Work to be completed
Write out the listing below in its entirety, minus the pictures, without changing a word.

Dataset section
+---+
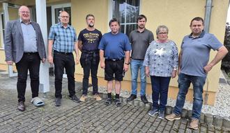 v. l.: Bürgermeister Guido Nisius, Ortsbürgermeister Werner Wirz, Manuel Vogt, Andreas Gödderz, Erster Beigeordneter Christoph Wirz, Ingrid Breuer, Stefan Wirz
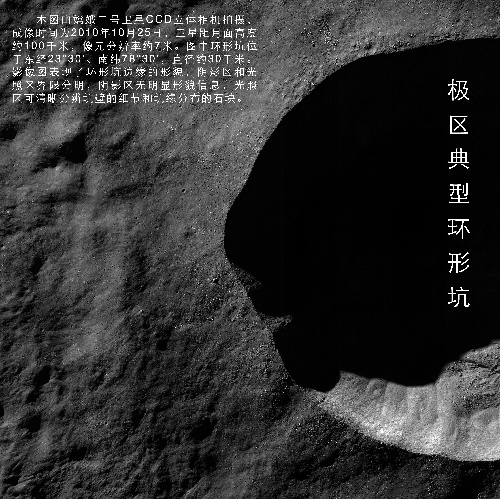 北京,2010年11月8日 國家國防科技工業局首次發布嫦娥二號月面虹灣局部影像圖 這是極區典型環形坑(成像時間為10月25日)。
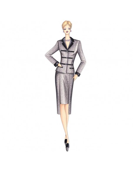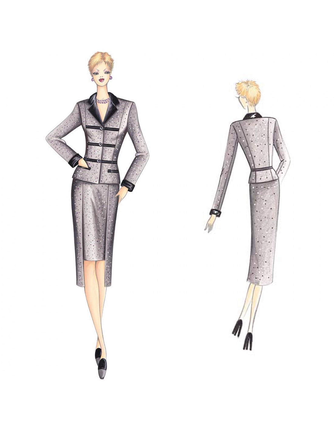 Diese kurze, figurbetonte Jacke hat einen sportlichen Kragen, umgeschlagene Manschetten und eine Baske mit Streifentaschen. Empfohlener Stoff: Tweed, Köpergewebe oder Vikunja mit Lederbesatz. Rock n. 8480.
+---+
Task result
 v. l.: Bürgermeister Guido Nisius, Ortsbürgermeister Werner Wirz, Manuel Vogt, Andreas Gödderz, Erster Beigeordneter Christoph Wirz, Ingrid Breuer, Stefan Wirz
 北京,2010年11月8日 國家國防科技工業局首次發布嫦娥二號月面虹灣局部影像圖 這是極區典型環形坑(成像時間為10月25日)。
 Diese kurze, figurbetonte Jacke hat einen sportlichen Kragen, umgeschlagene Manschetten und eine Baske mit Streifentaschen. Empfohlener Stoff: Tweed, Köpergewebe oder Vikunja mit Lederbesatz. Rock n. 8480.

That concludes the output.